3. Barter systems

Early societies often relied on a barter system to enable goods and services to be traded. Indeed, the earliest forms of market were established to allow producers to exchange their products directly for other products. Evidence suggests that barter systems were widespread around 8,000 years ago. However, the evolution of acceptable mediums of exchange, such as salt, gold and silver gradually replaced trade by barter.

Money as a medium of exchange

The problem of exchange through bartering

Money occupies a central role in market economies because it acts as a medium of exchange. The advent of money replaced the need for exchange through barter and enabled producers and factor owners to specialise. For example, without money, a hairdresser would have to accept another good or service as direct payment for a haircut. However, if the hairdresser is paid in potatoes, it means that he or she must pay for the services of an assistant in potatoes, as well as pay his or her suppliers in potatoes. However, what if another client wants to pay in rice, and yet another in wheat? What is a haircut worth in terms of rice or wheat? Ex-change is most likely to occur when a single medium of exchange is accepted by everyone. Exchange through barter is very difficult, and barter economies tend to remain extremely undeveloped because direct trade is difficult.

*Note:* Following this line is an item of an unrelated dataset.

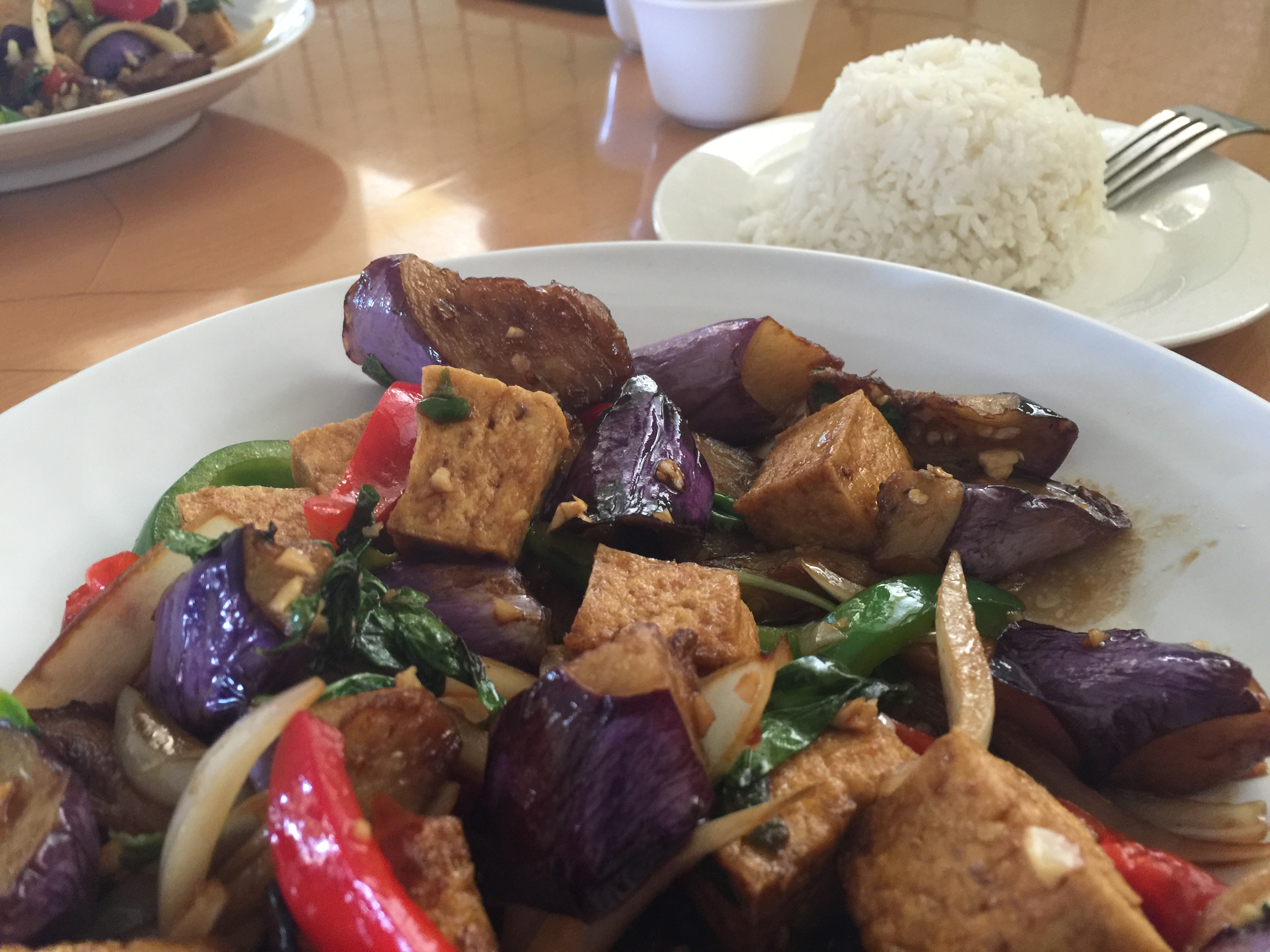 Finding good choices for lunch when you are traveling is always hard. On Sunday during our long trip home we stopped at Mojave Thai Cuisine. It is an unlikely restaurant in a desert town. We had our favorite Thai dish, spicy Thai basil with eggplant and tofu. Since I do not know all the ingredients, I cannot say for sure whether it is vegan or not but it is vegetarian and delicious! We stopped here once before on our travels and we asked for it spicy and it nearly blew our heads off. This time we asked for medium spicy and it was toned down just enough.

Money allows complex trade and exchange

Money is any asset that is generally accepted in the settlement of a debt incurred in an exchange. For an asset to be widely used as money, it must have certain properties, including that the asset is portable, divisible, durable and stable in value. Some assets fulfill the role of money much better than other ones. Potatoes, for example, would not make a good medium of exchange because they are not durable, nor do they have a stable value. Throughout history, gold and silver have frequently been used as money, given their divisibility into bars and coins.

The introduction of paper money by the Chinese in the 9th Century AD marked a significant development in the evolution of money, especially given the ease with which different denominations could be created, and the portability of paper money in comparison with gold or coinage. It is said that the Chinese invented paper money because there was a shortage of metal to make coins.

In more recent times the invention of cryptocurrencies, such as Bitcoin, and new online payment methods has created new opportunities to exchange. What is clear that the evolution of money as a medium of exchange, and as a store of wealth, had a considerable impact on the development of modern commerce, international trade, and global prosperity.